The Purplemath Forums

[maggiemagnet]

When you're doing truth tables, why does "P implies Q" evaluate to "true" if P is false? How are "P implies Q" and "P is true only if Q is true" "equivalent"?

[stapel_eliz]

To a certain extent, the conditional evaluates to "true" because it has to evaluate to something, and "true" makes more sense (or less un-sense, perhaps?). In everyday terms, it's kind of like being able to prove anything, if you start with nonsense. If the moon is made of green cheese, then... heaven only knows where one could go from there!

If "P implies Q" evaluated to "false" when P was false, then you could end up, logically (such as in computer algorithms), stopping processes or making decisions based on that garbage input. By saying "garbage leads to continuing on without change", you don't allow the garbage to stop up the logical workings. Techically, a conditional is defined as being "false" only if P is true and Q is false. And since you're wanting a true P to lead to a true Q, this makes sense.

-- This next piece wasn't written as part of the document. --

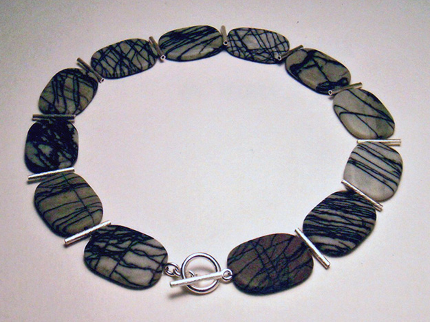 Große, graue Jaspisscheiben mit Streifen, Zwischenteile und Schließe in Silber.

I will agree that "P is true only if Q is true" is confusing. This seems to be a philosophical / logical convention, that "P only if Q" is another form of "if P, then Q". I don't claim to follow the semantic (English-grammar) sense of this. It's just something to memorize.

Hope that helps a bit!

Eliz.

[maggiemagnet]

I guess that kind of makes sense, but that "only if" thing is still weird!